» **Task to carry out**:
Would you please return the lines of the entries below starting at the line that has "Expertly crafted with" and ending at the line that has "Eén van de kamers", both included, exactly as they are?

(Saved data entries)
⁂
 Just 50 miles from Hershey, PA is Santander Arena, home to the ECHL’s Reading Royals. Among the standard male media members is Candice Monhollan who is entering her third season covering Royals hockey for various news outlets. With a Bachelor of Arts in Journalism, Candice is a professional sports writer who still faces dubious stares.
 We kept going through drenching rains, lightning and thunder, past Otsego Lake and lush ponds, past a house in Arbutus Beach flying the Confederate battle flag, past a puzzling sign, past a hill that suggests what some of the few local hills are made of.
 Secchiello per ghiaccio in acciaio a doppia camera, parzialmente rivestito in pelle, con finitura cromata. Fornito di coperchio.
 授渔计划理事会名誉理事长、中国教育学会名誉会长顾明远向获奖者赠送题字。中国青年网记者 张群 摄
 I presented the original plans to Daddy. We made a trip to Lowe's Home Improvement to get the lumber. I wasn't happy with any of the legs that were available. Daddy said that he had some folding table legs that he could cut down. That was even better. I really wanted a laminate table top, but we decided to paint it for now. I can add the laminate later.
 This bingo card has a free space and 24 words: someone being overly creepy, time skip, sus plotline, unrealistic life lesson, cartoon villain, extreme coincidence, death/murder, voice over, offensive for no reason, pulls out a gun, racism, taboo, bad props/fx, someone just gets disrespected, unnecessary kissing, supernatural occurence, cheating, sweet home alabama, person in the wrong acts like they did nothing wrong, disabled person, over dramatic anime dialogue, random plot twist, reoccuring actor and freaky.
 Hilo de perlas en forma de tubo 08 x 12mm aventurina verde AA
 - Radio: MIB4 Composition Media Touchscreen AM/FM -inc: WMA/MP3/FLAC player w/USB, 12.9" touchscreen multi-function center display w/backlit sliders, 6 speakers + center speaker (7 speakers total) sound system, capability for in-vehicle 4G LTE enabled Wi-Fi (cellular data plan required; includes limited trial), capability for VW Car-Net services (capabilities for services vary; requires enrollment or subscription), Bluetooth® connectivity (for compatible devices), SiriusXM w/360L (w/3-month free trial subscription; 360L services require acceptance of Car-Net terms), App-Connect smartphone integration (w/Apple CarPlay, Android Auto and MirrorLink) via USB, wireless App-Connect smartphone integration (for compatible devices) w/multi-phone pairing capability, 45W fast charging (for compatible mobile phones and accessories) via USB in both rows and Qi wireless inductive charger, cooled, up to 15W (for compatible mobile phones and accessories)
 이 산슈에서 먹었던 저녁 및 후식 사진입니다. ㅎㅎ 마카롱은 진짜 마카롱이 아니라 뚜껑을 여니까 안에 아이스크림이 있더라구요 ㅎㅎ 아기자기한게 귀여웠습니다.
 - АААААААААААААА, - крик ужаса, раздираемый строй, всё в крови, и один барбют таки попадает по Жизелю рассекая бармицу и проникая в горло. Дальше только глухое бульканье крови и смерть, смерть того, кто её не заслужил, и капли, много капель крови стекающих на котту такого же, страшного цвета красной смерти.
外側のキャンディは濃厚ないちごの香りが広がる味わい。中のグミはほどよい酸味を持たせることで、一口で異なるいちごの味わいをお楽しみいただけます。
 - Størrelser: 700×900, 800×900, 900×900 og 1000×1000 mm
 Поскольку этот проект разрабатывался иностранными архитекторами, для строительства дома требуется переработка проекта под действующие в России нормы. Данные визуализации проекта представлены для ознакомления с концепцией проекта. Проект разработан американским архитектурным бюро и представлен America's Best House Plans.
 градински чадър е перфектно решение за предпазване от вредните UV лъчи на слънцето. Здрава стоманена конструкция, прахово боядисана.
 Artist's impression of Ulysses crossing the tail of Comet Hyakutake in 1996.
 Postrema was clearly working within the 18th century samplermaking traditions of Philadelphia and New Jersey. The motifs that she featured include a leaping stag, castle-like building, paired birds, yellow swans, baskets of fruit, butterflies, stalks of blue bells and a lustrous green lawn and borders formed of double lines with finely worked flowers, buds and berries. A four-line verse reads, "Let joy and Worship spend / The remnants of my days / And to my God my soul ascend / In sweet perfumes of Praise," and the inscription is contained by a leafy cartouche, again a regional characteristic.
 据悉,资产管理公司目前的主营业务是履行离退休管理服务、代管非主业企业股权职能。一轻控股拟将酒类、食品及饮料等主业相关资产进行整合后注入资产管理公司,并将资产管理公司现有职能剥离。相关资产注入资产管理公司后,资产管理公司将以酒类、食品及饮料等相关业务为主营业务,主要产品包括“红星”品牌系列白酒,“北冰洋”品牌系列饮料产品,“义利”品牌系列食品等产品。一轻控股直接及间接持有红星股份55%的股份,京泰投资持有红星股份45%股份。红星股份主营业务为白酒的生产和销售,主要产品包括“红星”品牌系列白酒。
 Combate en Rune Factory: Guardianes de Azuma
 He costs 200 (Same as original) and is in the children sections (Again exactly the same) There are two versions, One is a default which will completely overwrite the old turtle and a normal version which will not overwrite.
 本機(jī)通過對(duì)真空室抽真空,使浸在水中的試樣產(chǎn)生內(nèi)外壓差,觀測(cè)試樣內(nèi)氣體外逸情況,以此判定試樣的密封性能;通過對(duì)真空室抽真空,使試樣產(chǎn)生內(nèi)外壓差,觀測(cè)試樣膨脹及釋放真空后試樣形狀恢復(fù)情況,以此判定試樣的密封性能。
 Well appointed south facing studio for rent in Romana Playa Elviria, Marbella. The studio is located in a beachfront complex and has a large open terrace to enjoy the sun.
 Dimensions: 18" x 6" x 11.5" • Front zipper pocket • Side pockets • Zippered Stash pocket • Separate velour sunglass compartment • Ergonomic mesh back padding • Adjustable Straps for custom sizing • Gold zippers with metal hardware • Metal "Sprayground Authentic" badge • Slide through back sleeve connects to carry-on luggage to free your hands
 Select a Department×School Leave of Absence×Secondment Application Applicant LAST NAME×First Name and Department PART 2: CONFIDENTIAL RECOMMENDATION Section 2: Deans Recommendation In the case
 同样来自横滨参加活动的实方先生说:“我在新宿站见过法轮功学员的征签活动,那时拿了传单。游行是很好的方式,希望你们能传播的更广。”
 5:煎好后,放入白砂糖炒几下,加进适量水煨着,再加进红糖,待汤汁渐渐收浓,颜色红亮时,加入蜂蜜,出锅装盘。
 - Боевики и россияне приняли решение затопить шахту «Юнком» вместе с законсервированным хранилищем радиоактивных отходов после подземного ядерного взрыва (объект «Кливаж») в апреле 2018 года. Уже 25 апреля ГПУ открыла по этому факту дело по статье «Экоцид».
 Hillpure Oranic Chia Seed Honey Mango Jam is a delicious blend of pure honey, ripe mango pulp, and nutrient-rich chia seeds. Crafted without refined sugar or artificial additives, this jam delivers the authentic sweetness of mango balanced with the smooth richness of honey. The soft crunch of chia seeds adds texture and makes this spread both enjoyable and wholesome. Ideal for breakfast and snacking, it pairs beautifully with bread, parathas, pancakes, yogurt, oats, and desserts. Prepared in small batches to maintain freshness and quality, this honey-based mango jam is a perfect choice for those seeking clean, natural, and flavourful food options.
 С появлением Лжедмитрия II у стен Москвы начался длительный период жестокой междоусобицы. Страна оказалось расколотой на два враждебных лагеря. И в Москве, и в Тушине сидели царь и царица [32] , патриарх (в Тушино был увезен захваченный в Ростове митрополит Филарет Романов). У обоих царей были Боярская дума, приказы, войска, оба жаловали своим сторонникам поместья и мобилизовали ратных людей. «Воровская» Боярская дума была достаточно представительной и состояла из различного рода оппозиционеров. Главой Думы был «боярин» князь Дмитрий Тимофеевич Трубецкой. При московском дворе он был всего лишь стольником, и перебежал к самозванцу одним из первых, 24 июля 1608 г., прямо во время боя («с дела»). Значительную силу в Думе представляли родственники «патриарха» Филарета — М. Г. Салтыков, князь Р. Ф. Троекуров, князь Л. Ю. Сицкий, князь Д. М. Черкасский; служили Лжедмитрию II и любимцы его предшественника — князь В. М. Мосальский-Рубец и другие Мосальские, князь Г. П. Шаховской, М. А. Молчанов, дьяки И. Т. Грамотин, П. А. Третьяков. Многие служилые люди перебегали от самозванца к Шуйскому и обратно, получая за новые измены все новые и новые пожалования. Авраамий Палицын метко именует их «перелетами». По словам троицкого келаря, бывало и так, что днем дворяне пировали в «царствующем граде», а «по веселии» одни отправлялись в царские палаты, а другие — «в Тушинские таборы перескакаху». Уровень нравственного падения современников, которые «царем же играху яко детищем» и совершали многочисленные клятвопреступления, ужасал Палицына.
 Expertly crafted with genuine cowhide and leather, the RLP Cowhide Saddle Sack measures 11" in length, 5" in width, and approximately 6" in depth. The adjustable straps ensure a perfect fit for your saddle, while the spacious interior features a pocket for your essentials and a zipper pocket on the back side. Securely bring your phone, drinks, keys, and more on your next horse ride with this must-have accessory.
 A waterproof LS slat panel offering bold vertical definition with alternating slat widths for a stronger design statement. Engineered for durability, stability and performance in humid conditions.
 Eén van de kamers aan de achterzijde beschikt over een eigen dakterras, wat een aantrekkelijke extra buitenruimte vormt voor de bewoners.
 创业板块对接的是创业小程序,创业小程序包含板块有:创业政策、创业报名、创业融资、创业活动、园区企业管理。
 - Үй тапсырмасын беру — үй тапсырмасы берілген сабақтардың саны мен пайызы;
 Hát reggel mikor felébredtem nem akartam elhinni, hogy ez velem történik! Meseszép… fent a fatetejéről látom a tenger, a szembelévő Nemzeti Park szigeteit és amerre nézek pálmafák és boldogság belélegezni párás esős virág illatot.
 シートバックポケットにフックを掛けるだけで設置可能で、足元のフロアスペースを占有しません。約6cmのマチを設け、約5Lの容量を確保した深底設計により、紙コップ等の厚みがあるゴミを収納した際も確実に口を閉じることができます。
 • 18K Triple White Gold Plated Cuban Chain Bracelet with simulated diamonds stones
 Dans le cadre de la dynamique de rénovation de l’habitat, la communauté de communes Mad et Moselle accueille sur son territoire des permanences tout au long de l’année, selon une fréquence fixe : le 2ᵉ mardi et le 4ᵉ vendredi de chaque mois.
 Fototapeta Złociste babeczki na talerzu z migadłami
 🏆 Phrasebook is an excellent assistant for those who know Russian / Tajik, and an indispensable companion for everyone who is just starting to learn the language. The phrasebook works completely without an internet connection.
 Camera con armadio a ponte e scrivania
⁂
» **Solution to this task**:
 Expertly crafted with genuine cowhide and leather, the RLP Cowhide Saddle Sack measures 11" in length, 5" in width, and approximately 6" in depth. The adjustable straps ensure a perfect fit for your saddle, while the spacious interior features a pocket for your essentials and a zipper pocket on the back side. Securely bring your phone, drinks, keys, and more on your next horse ride with this must-have accessory.
 A waterproof LS slat panel offering bold vertical definition with alternating slat widths for a stronger design statement. Engineered for durability, stability and performance in humid conditions.
 Eén van de kamers aan de achterzijde beschikt over een eigen dakterras, wat een aantrekkelijke extra buitenruimte vormt voor de bewoners.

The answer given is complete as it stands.